Down to the last word, output the records below, skipping any images.
----
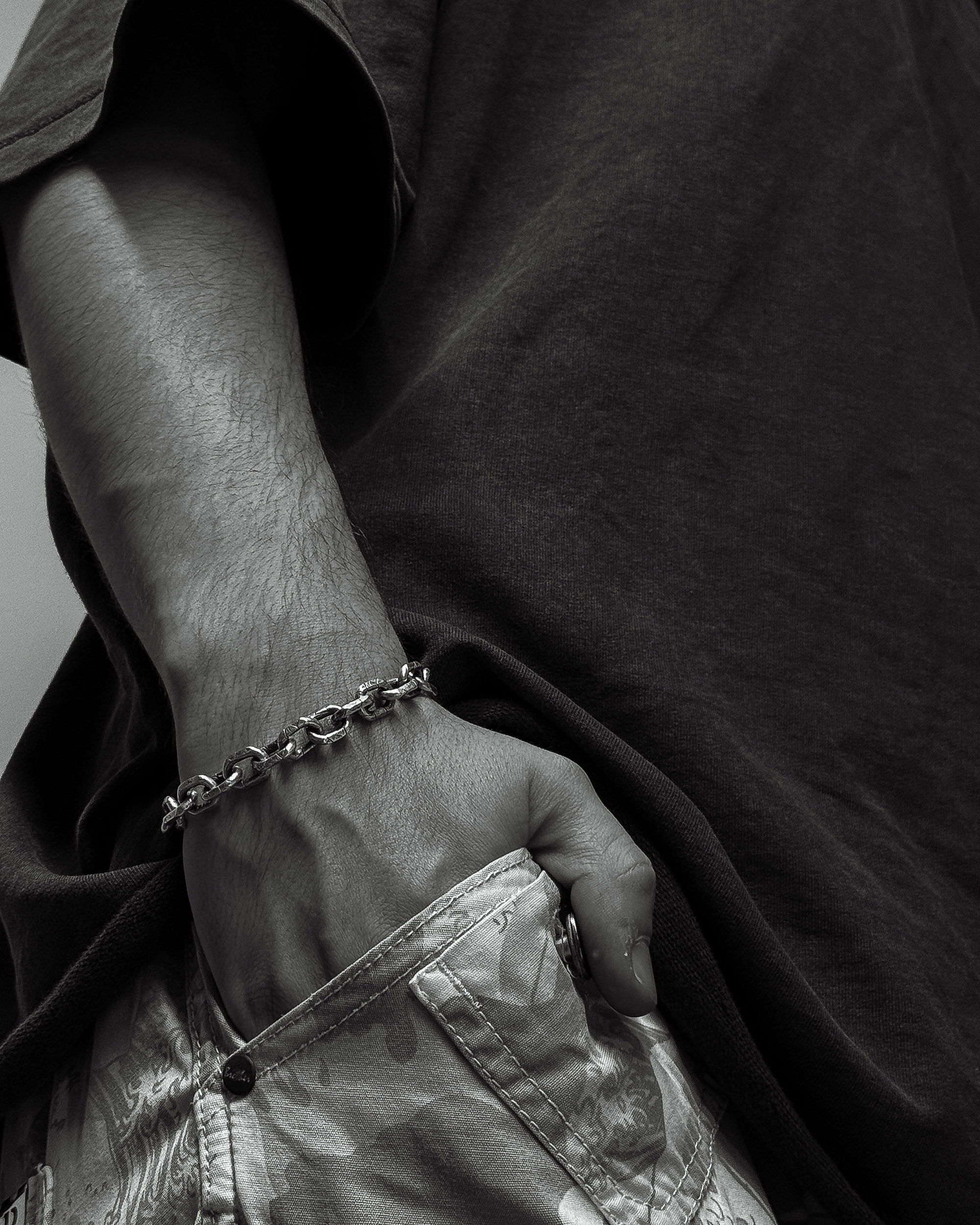 Текстура ланок нагадує сліди часу на металі — як події, що залишаються в середині назавжди, перетворюючи недосконалість на силу.
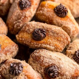 But I digress! Back to the doughnuts. This is a yeasted doughnut recipe, which means they’re ultra fluffy and almost pillowy on the inside, and nice and crunchy on the outside. A quick coat in cinnamon sugar makes them extra special! And the filling, which is in my opinion the best part, is rich and creamy, with a subtle crunch from the roasted hazelnuts. It’s made with just 4 simple ingredients: heavy cream, butter, salt, and chocolate. And by chocolate, I mean the EXCELLENCE Roasted Hazelnut Bars, of course! You’ll need 14 ounces, which equals 4 bars. If you want to amp the flavor up, add a tablespoon of hazelnut liqueur to the filling. Sinfully good!
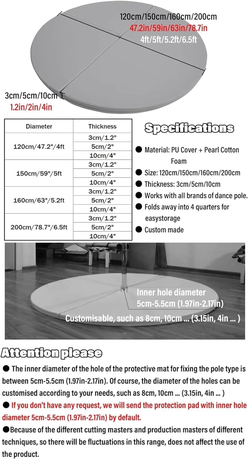 Tapis de Protection SAFWELAU pour Pole Dance et Yoga, Épaisseur 3/5/10 cm
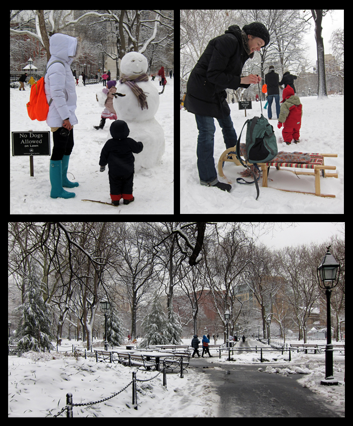 As I passed through Washington Square Park in the early morning after our recent heavy snowstorm, families had already been busy with their handiwork. Snowmen were everywhere to be found.
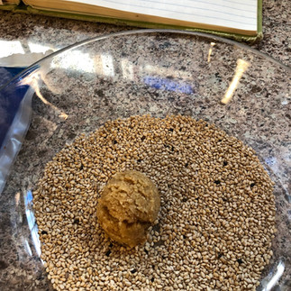 With one hand, scoop a one-inch ball of dough and plop it onto the sesame seed plate. With the other hand, roll it around with minimal handling, and then put it on the ungreased cookie sheet. Continue until all the dough is used. The cookies don’t spread, so you can pack them tightly. I prefer a hexagonal close-packed (HCP) arrangement, like silicon atoms in graphite. Square arrays are also fine (like NaCl) if you can get that structure to accommodate all biscuits on one sheet. I couldn’t.
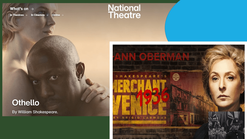 The ‘Elephants in the Room’: racism in the British artistic ‘heritage’. This blog written to prepare me to see new productions of Othello (National Theatre Live streaming 23 February 2023 at Gala Theatre Durham) and The Merchant of Venice (Watford Palace Theatre tour at Home theatre, Manchester 16th March 2023).
----
[RESPONSE]
 Текстура ланок нагадує сліди часу на металі — як події, що залишаються в середині назавжди, перетворюючи недосконалість на силу.
 But I digress! Back to the doughnuts. This is a yeasted doughnut recipe, which means they’re ultra fluffy and almost pillowy on the inside, and nice and crunchy on the outside. A quick coat in cinnamon sugar makes them extra special! And the filling, which is in my opinion the best part, is rich and creamy, with a subtle crunch from the roasted hazelnuts. It’s made with just 4 simple ingredients: heavy cream, butter, salt, and chocolate. And by chocolate, I mean the EXCELLENCE Roasted Hazelnut Bars, of course! You’ll need 14 ounces, which equals 4 bars. If you want to amp the flavor up, add a tablespoon of hazelnut liqueur to the filling. Sinfully good!
 Tapis de Protection SAFWELAU pour Pole Dance et Yoga, Épaisseur 3/5/10 cm
 As I passed through Washington Square Park in the early morning after our recent heavy snowstorm, families had already been busy with their handiwork. Snowmen were everywhere to be found.
 With one hand, scoop a one-inch ball of dough and plop it onto the sesame seed plate. With the other hand, roll it around with minimal handling, and then put it on the ungreased cookie sheet. Continue until all the dough is used. The cookies don’t spread, so you can pack them tightly. I prefer a hexagonal close-packed (HCP) arrangement, like silicon atoms in graphite. Square arrays are also fine (like NaCl) if you can get that structure to accommodate all biscuits on one sheet. I couldn’t.
 The ‘Elephants in the Room’: racism in the British artistic ‘heritage’. This blog written to prepare me to see new productions of Othello (National Theatre Live streaming 23 February 2023 at Gala Theatre Durham) and The Merchant of Venice (Watford Palace Theatre tour at Home theatre, Manchester 16th March 2023).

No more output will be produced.